== Required work ==
With every picture left out, give the data below back exactly.

== Dataset extract ==
────────
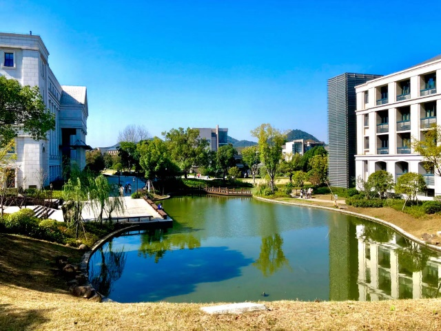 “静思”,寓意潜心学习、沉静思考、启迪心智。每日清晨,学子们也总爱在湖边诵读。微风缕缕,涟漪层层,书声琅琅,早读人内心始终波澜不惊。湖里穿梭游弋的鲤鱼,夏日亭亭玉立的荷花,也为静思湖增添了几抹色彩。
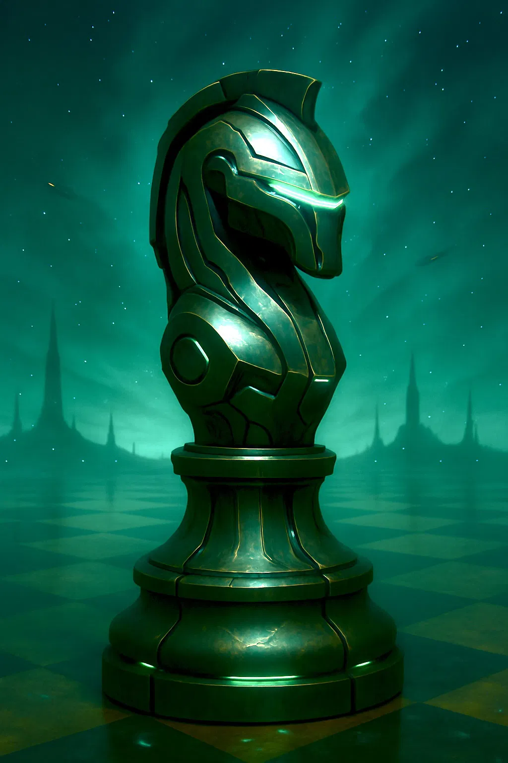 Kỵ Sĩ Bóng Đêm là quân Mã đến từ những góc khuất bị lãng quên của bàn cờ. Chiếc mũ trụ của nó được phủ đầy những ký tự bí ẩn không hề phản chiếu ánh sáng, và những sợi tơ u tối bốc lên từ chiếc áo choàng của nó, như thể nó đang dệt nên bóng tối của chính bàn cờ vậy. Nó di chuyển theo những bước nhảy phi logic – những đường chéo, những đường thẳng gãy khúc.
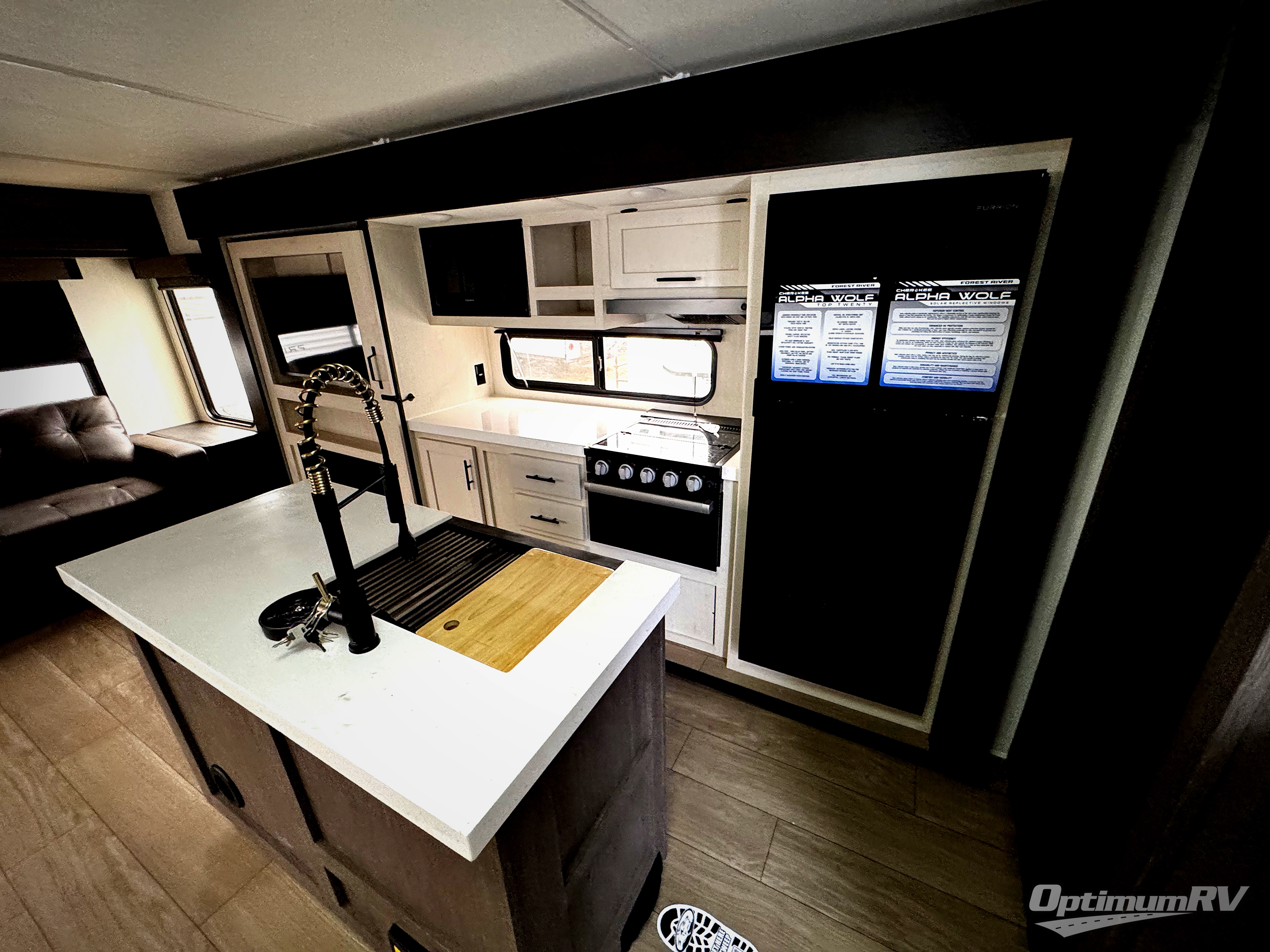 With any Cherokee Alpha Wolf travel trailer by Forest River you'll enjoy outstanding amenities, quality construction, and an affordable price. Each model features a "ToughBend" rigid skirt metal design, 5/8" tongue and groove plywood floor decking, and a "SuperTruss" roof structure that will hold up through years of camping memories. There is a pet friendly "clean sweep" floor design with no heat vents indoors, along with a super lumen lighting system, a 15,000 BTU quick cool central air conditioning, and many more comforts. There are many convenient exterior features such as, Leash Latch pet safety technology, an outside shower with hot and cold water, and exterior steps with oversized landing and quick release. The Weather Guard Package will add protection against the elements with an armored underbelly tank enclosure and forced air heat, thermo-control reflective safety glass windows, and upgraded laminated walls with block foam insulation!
────────
== Your solution ==
 “静思”,寓意潜心学习、沉静思考、启迪心智。每日清晨,学子们也总爱在湖边诵读。微风缕缕,涟漪层层,书声琅琅,早读人内心始终波澜不惊。湖里穿梭游弋的鲤鱼,夏日亭亭玉立的荷花,也为静思湖增添了几抹色彩。
 Kỵ Sĩ Bóng Đêm là quân Mã đến từ những góc khuất bị lãng quên của bàn cờ. Chiếc mũ trụ của nó được phủ đầy những ký tự bí ẩn không hề phản chiếu ánh sáng, và những sợi tơ u tối bốc lên từ chiếc áo choàng của nó, như thể nó đang dệt nên bóng tối của chính bàn cờ vậy. Nó di chuyển theo những bước nhảy phi logic – những đường chéo, những đường thẳng gãy khúc.
 With any Cherokee Alpha Wolf travel trailer by Forest River you'll enjoy outstanding amenities, quality construction, and an affordable price. Each model features a "ToughBend" rigid skirt metal design, 5/8" tongue and groove plywood floor decking, and a "SuperTruss" roof structure that will hold up through years of camping memories. There is a pet friendly "clean sweep" floor design with no heat vents indoors, along with a super lumen lighting system, a 15,000 BTU quick cool central air conditioning, and many more comforts. There are many convenient exterior features such as, Leash Latch pet safety technology, an outside shower with hot and cold water, and exterior steps with oversized landing and quick release. The Weather Guard Package will add protection against the elements with an armored underbelly tank enclosure and forced air heat, thermo-control reflective safety glass windows, and upgraded laminated walls with block foam insulation!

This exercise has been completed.